Troisième partie : Günter Kunert

Les mythes antiques et bibliques occupent une place absolument fondamentale dans la poésie et dans l’œuvre en général de l’écrivain Günter Kunert. S’ils sont quasiment absents des premiers recueils poétiques qui paraissent dans les années cinquante et au début des années soixante, leur apparition intervient de manière significative avec le recueil Der ungebetene Gast de 1965, qui marque un premier tournant important dans la production poétique de Kunert. En effet, c’est à partir de ce recueil que l’auteur abandonne une approche à visée didactique, idéologique de la littérature au profit d’une approche centrée sur une réflexion ontologique et sociale critique. L’éventail des mythes auquel il a recours depuis lors impressionne par sa diversité tant thématique que formelle, que ce soit dans ses essais poétologiques et autobiographiques, dans ses nouvelles, ses poèmes et, dans une moindre mesure, dans son roman Im Namen der Hüte.
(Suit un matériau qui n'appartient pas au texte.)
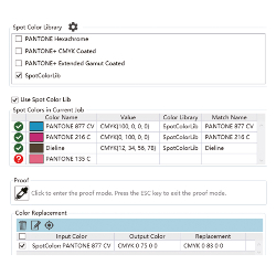 Spot colors are premixed inks used instead of, or in addition to, process color (CMYK) inks. NuviPRINT Software allows you to process and print spot colors with or without spot color libraries.
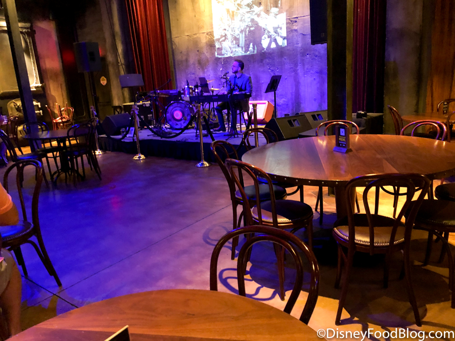 Our predictions were mostly correct. The nightly cabaret is currently not running. Our server explained to us that the full cabaret show will “most likely not be available for a long time.” He did note that live music still plays every night, and consists of a soloist or trio.
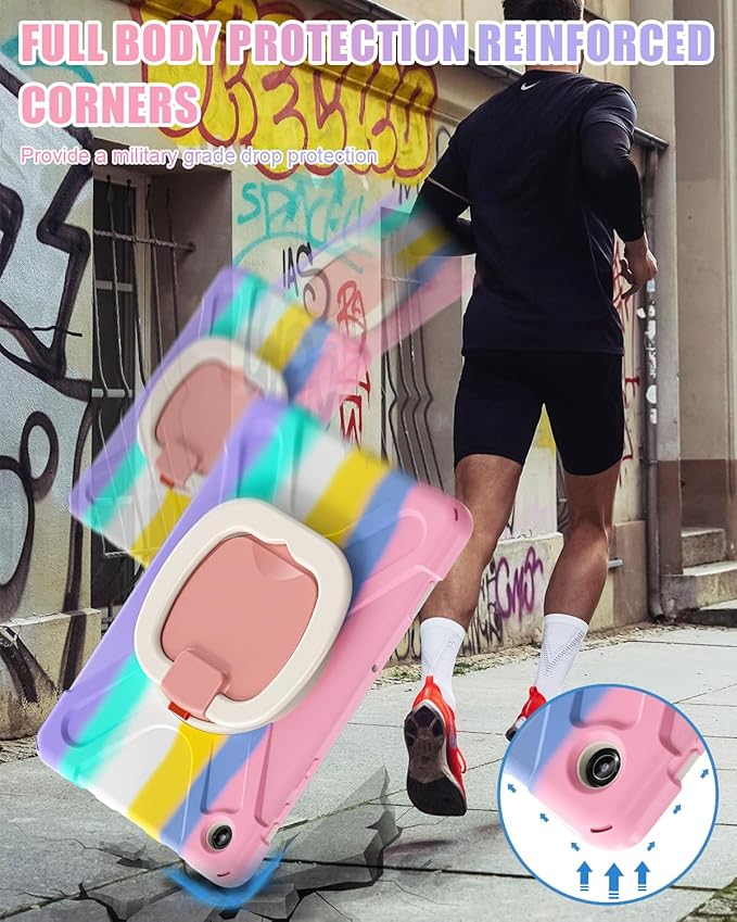 BRAECN Case for Samsung Galaxy Tab A9 Plus/ A9+ 11” 2023 (SM-X210/X216/X218), Heavy Duty Rugged Cover with Screen Protector, 360 Degree Rotating Stand, Stable Kickstand, Shoulder Strap, Colorful Pink
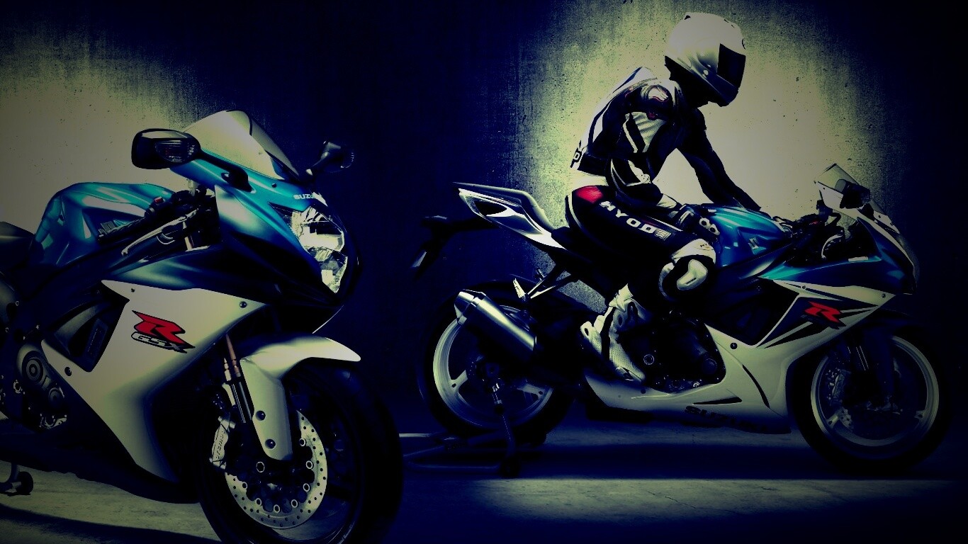 Обои для рабочего стола «Suzuki и мотоциклист» 1366х768 с фильтром lomo (оригинал 1920х1200)
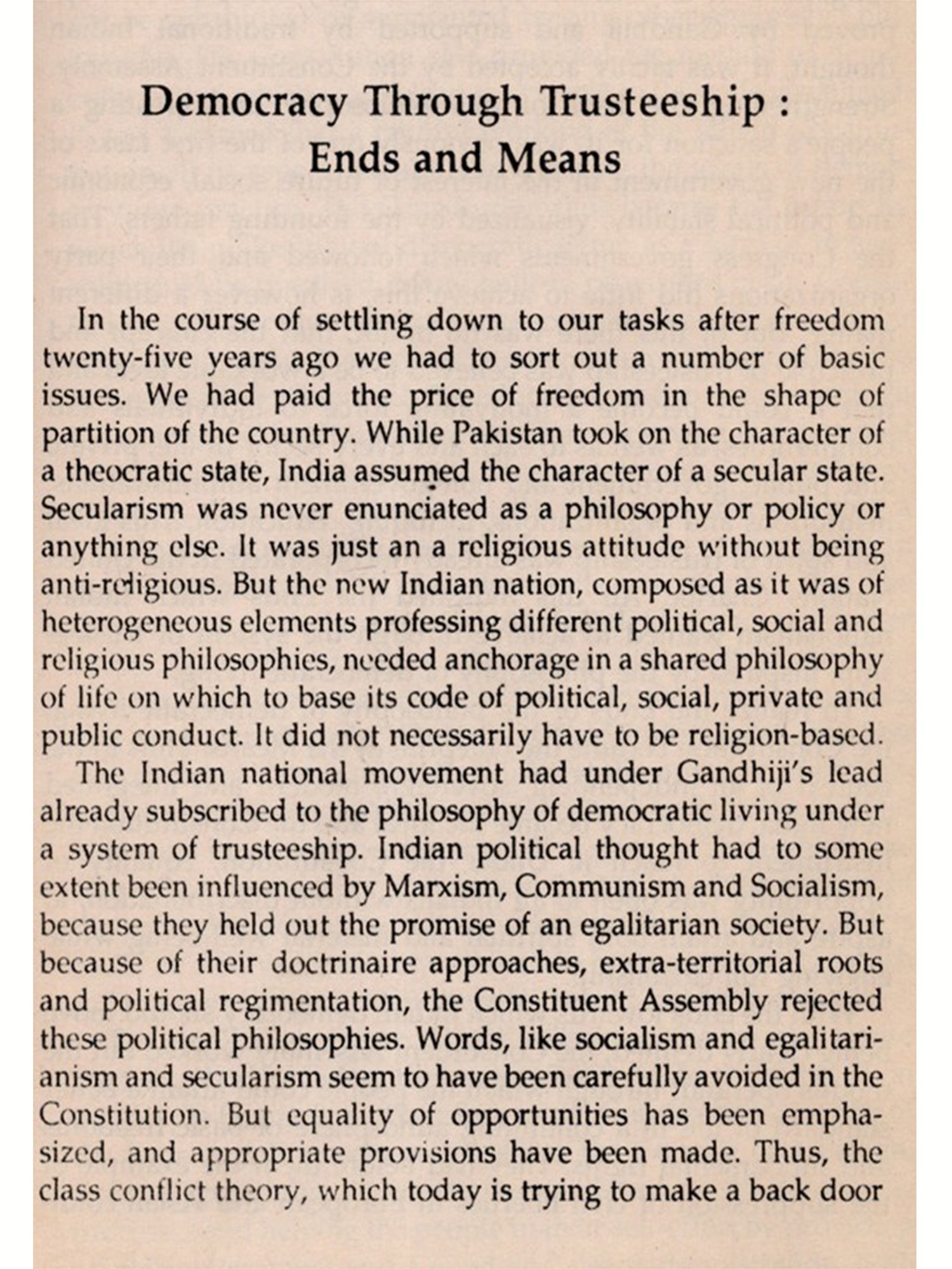 4. What is forgotten by all those concerned in all these political manoeuvring is, that the Indian Constitution so ably drafted by its authors, is a self-contained document ensuring guiding and helping to build a welfare State. It has no parallel to it in any of the world's democracies-east or west. It cannot be improved upon by off and on nibbling at it. This Constitution is there for India, for all her peoples, for all time. After kingship ended, the Constitution became King. But sad to state, that in the process of the recent political manoeuvring in the race for power and personalised politics, the major political parties have failed to project in their manifestos, how they propose to realise the national goals defined in the Constitution and how they will educate the new generation of young voters that it is the Constitution that is supreme and will stand by them to help them overcome the problems arising out of the great changes taking place both nationally and internationally today.

Au niveau du choix des thèmes, mythologies antique et biblique s’entremêlent pour offrir un vaste panorama de la culture mythologique. À côté de mythes incontournables tels que ceux de Prométhée, Orphée, Sisyphe, Icare, Ulysse, Cassandre, Jonas, Noé, Caïn et Abel, on trouve des figures moins attendues comme celle d’Atlas, du basilic, de Marsyas, de Berolina, divinité de la ville de Berlin, de Nausicaa, de Polyphème et de Pilate. Or, si dans son œuvre en prose, Günter Kunert montre une nette préférence pour les motifs issus de la mythologie antique grecque, la chose est beaucoup moins évidente en ce qui concerne ses poèmes. La mythologie (et l’Histoire) grecque prédomine largement dans les recueils Der ungebetene Gast (1965) et Warnung vor Spiegeln (1970), mais à partir du recueil Offener Ausgang (1972), un équilibre s’instaure entre les deux sources mythologiques principales. L’importance nouvelle accordée à l’Ancien et au Nouveau Testament ne correspond pas chez Kunert à une soudaine adhésion à un mouvement religieux. De son point de vue, la religion judéo-chrétienne fonctionne comme un formidable réservoir d’histoires et d’images fortes au même titre que la mythologie antique. Ces histoires, une fois dépouillées de leur dimension spécifiquement théologique, offrent un matériau très dense que Kunert va retravailler et adapter à sa vision du monde, comme il l’explique lui-même dans un entretien avec Franz Schulte-Schulenberg, intitulé « Gespräch über die Judenfrage. Nachtrag zum 70. Geburtstag im März 1970298 ».

Notes
298.

Andreas W. Mytze, Vergangenheit und Zukunft, Dransfeld, Mylet Druck, 1999, p. 7.